# [THE INPUT]
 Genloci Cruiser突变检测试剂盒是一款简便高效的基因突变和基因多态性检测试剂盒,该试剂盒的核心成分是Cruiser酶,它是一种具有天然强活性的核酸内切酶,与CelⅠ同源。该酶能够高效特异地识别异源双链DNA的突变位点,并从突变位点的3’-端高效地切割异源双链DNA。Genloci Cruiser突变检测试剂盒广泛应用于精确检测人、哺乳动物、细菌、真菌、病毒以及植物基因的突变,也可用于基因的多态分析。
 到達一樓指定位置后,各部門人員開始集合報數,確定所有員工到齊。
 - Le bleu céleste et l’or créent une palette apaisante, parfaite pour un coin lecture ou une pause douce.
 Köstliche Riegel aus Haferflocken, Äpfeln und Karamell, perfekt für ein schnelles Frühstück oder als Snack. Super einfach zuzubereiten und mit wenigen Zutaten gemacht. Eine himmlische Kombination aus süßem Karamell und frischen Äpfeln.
* * *
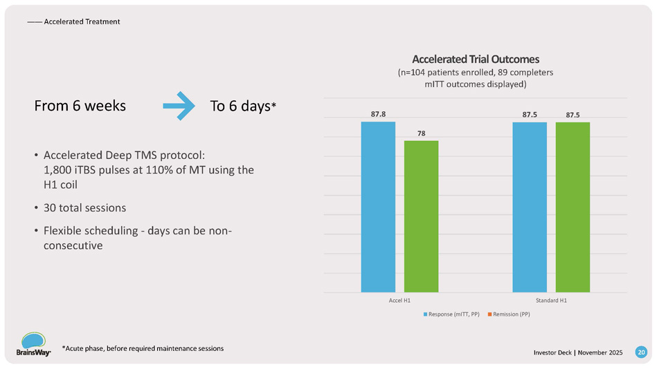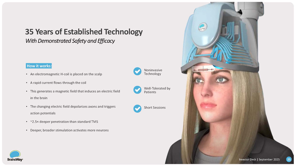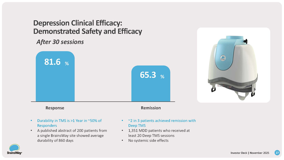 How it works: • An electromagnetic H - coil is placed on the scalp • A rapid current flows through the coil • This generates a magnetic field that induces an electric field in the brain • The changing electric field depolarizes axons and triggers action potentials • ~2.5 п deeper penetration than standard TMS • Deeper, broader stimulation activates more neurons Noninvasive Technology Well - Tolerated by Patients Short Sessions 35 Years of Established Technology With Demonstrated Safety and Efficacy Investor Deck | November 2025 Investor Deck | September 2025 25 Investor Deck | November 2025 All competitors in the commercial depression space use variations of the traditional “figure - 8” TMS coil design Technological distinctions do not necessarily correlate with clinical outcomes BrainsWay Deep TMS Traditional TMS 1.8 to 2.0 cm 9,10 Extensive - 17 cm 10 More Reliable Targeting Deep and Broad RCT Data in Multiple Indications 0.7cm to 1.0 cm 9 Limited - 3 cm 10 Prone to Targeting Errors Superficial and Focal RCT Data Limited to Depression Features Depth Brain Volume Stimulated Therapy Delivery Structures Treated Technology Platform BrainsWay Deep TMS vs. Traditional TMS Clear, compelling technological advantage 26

# [WHAT THE TASK ASKS]
Every line above from the line with "- Le bleu céleste" to the line with "Köstliche Riegel aus", inclusive, must be returned exactly; no other line belongs in the reply.

# [EXERCISE RESULT]
 - Le bleu céleste et l’or créent une palette apaisante, parfaite pour un coin lecture ou une pause douce.
 Köstliche Riegel aus Haferflocken, Äpfeln und Karamell, perfekt für ein schnelles Frühstück oder als Snack. Super einfach zuzubereiten und mit wenigen Zutaten gemacht. Eine himmlische Kombination aus süßem Karamell und frischen Äpfeln.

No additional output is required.